What to work on: Skip the pictures and retype exactly the lines from the one holding "Mallory phosphotungstic acid" through the end of the entries.

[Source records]
┌──

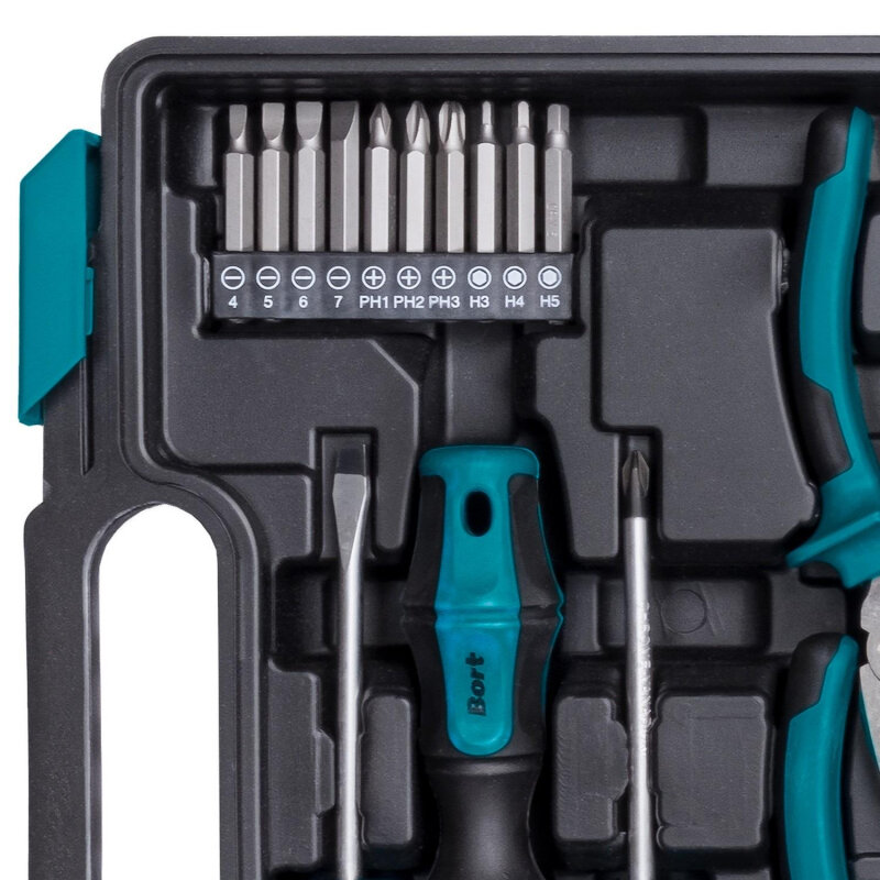 СохранитьНабор инструмента универсальный Bort BTK-19 интересное:
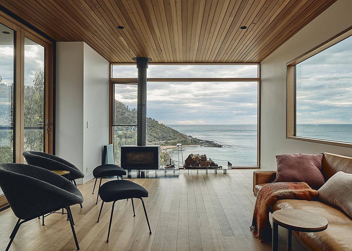 As Peter looks the other direction across the room, we get a good look at the enormous amount of glazing in Y House that gives it such an incredible panoramic view across the Bass Straight — all while meeting the strict codes for the Flame Zone.
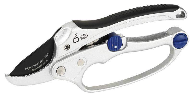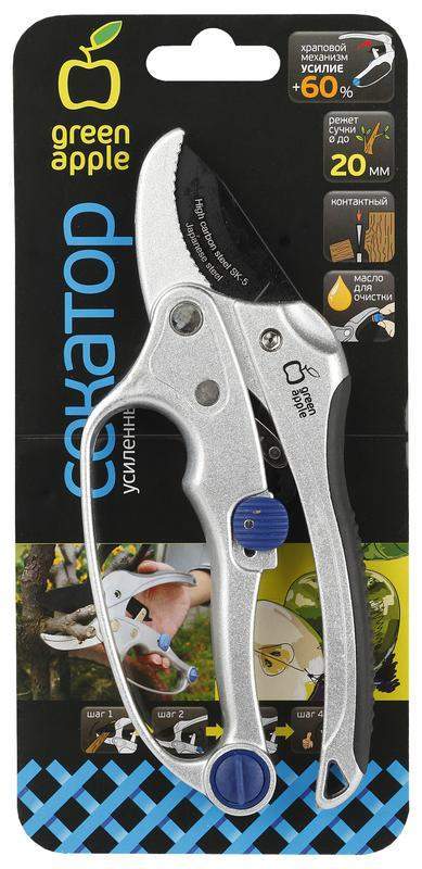 Усиленный секатор GREEN APPLE с храповым механизмом предназначен для обрезки без дополнительных усилий толстых веток и лозы. Храповой механизм позволяет за несколько приемов справиться даже с самыми толстыми ветками.
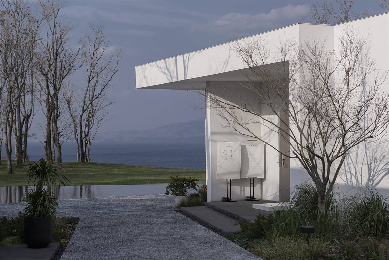 而這4棟建筑單體,2000多平米的戶外景觀生活營造,該以怎樣的姿態(tài)來面對這片湖山?琉璃萬頃的撫仙湖開闊、空靈、曠達,她的美,超越時間,超越空間,而在天地間渺小如蜉蝣的我們,是否也可以在此地,超越外在的浮華,超越內在的不安?
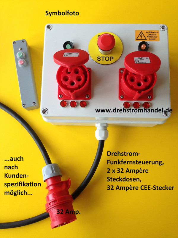 Funkfernsteuerung für Drehstrom / Kraftstrom zur Steuerung geeigneter Geräte, 400 Volt / 2 x 32 Ampère Steckdose, komplett mit Gummischlauchleitung und 32 Ampère-CEE-Stecker, geprüft und sofort einsatzbereit.
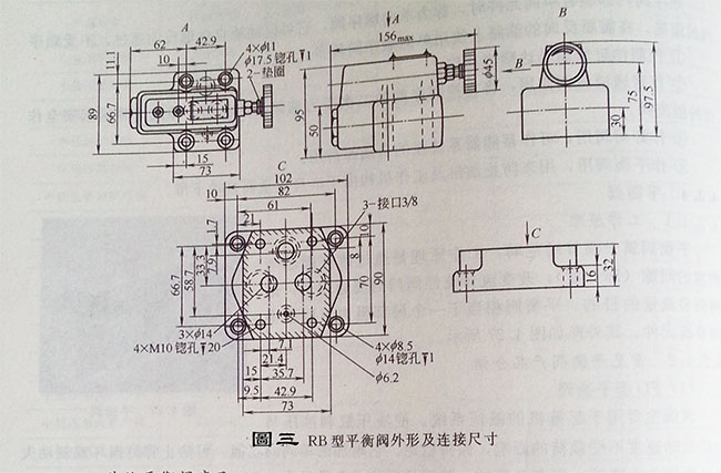 圖3RB型平衡閥外形及連接尺寸
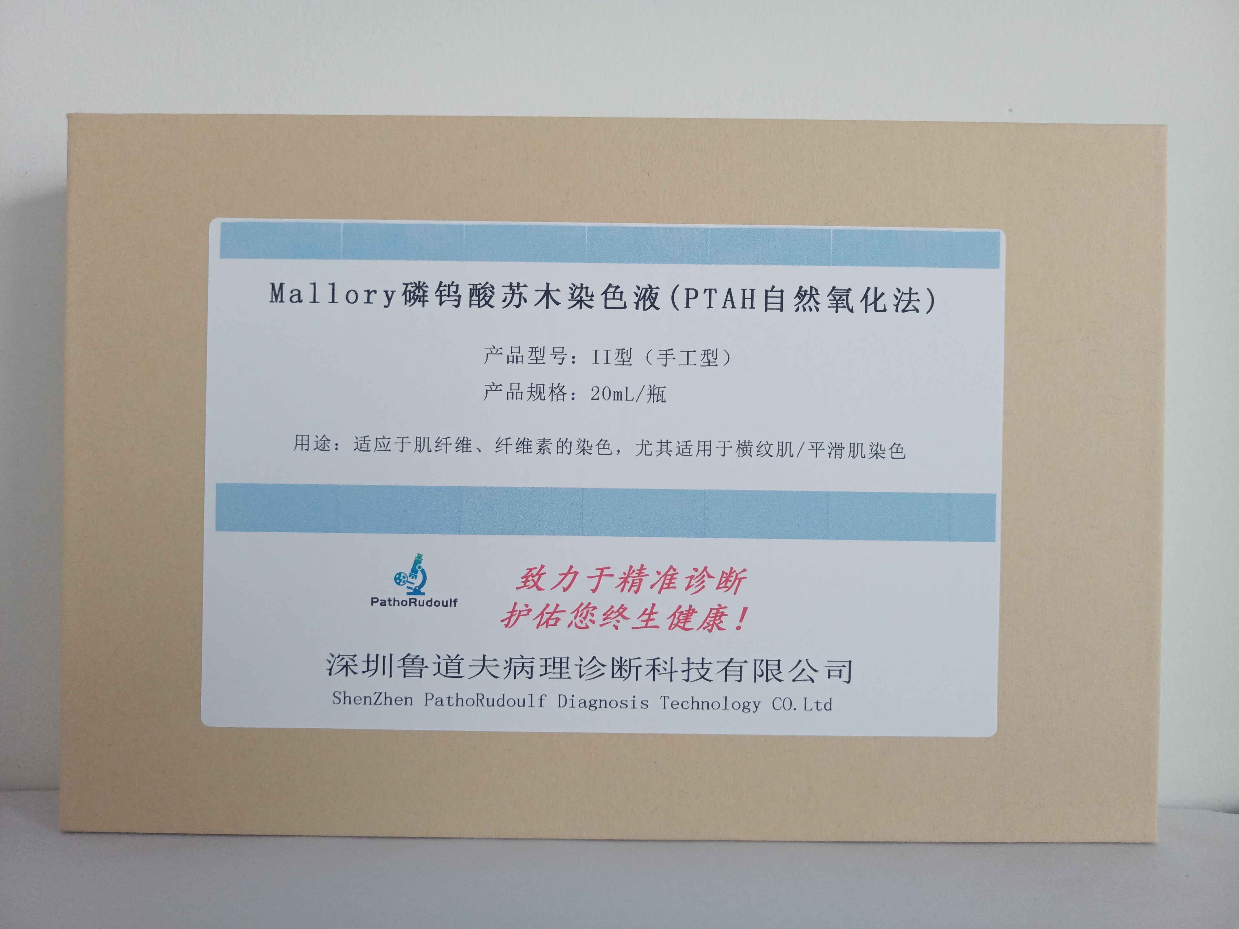 Mallory phosphotungstic acid hematoxylin staining solution (PTAH natural oxidation method) mainly consists of PTAH oxidizing agent, oxalic acid solution, and Mallory PTAH staining solution. Mallory PTAH staining solution is a naturally matured staining solution, with better staining power and long preservation time, and is mostly used to show the transverse striations of the transverse myocardium, which is clinically applied to the diagnosis of rhabdomyosarcoma. The histological morphology of rhabdomyosarcoma is varied, and it is difficult to distinguish it from undifferentiated mesenchymal tumors, after using phosphotungstic acid hematoxylin staining, if blue transverse stripes are found in the cytoplasm of tumor cells, it can be proved that the tumor is showing rhabdomyosarcoma differentiation, and this staining solution can also be stained for the fibrils of inflammation exudation, fibrils in capillaries of DIC, and the neuropathology, and other aspects.
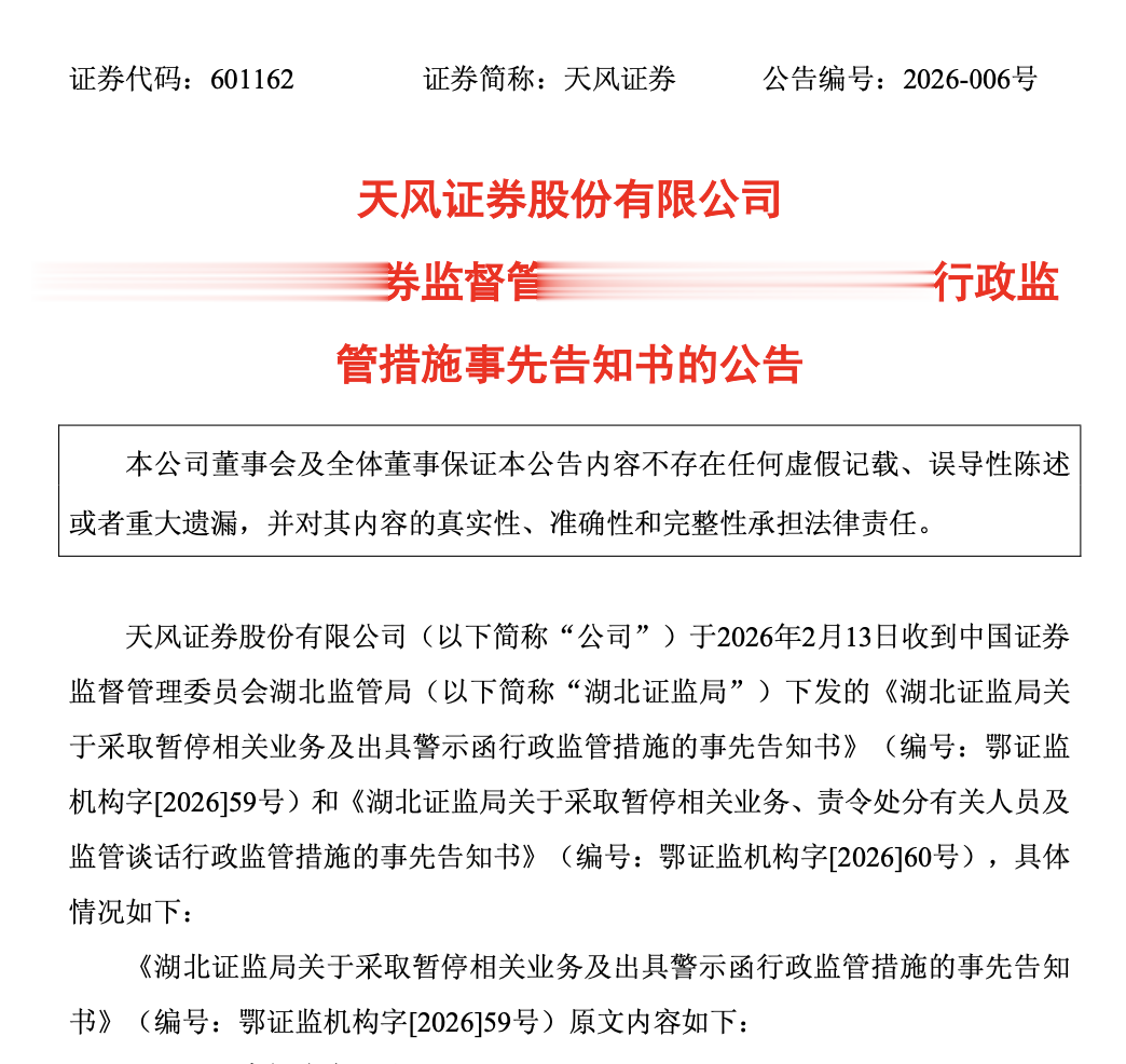 2026年2月13日收盘后,天风证券(601162)密集发布多份公告,披露了来自中国证监会及其派出机构的系列处罚决定。这不仅是简单的“一日领多罚”,更是一次涉及历史旧账、业务违规乃至新发立案的全方位合规性拷问。从拟对前高管采取终身市场禁入的“顶格处罚”,到核心业务被暂停两年的“惨痛代价”,天风证券正在为其过去数年间在公司治理与内控合规上的失守付出沉重代价。

└──

Exercise answer:
 Mallory phosphotungstic acid hematoxylin staining solution (PTAH natural oxidation method) mainly consists of PTAH oxidizing agent, oxalic acid solution, and Mallory PTAH staining solution. Mallory PTAH staining solution is a naturally matured staining solution, with better staining power and long preservation time, and is mostly used to show the transverse striations of the transverse myocardium, which is clinically applied to the diagnosis of rhabdomyosarcoma. The histological morphology of rhabdomyosarcoma is varied, and it is difficult to distinguish it from undifferentiated mesenchymal tumors, after using phosphotungstic acid hematoxylin staining, if blue transverse stripes are found in the cytoplasm of tumor cells, it can be proved that the tumor is showing rhabdomyosarcoma differentiation, and this staining solution can also be stained for the fibrils of inflammation exudation, fibrils in capillaries of DIC, and the neuropathology, and other aspects.
 2026年2月13日收盘后,天风证券(601162)密集发布多份公告,披露了来自中国证监会及其派出机构的系列处罚决定。这不仅是简单的“一日领多罚”,更是一次涉及历史旧账、业务违规乃至新发立案的全方位合规性拷问。从拟对前高管采取终身市场禁入的“顶格处罚”,到核心业务被暂停两年的“惨痛代价”,天风证券正在为其过去数年间在公司治理与内控合规上的失守付出沉重代价。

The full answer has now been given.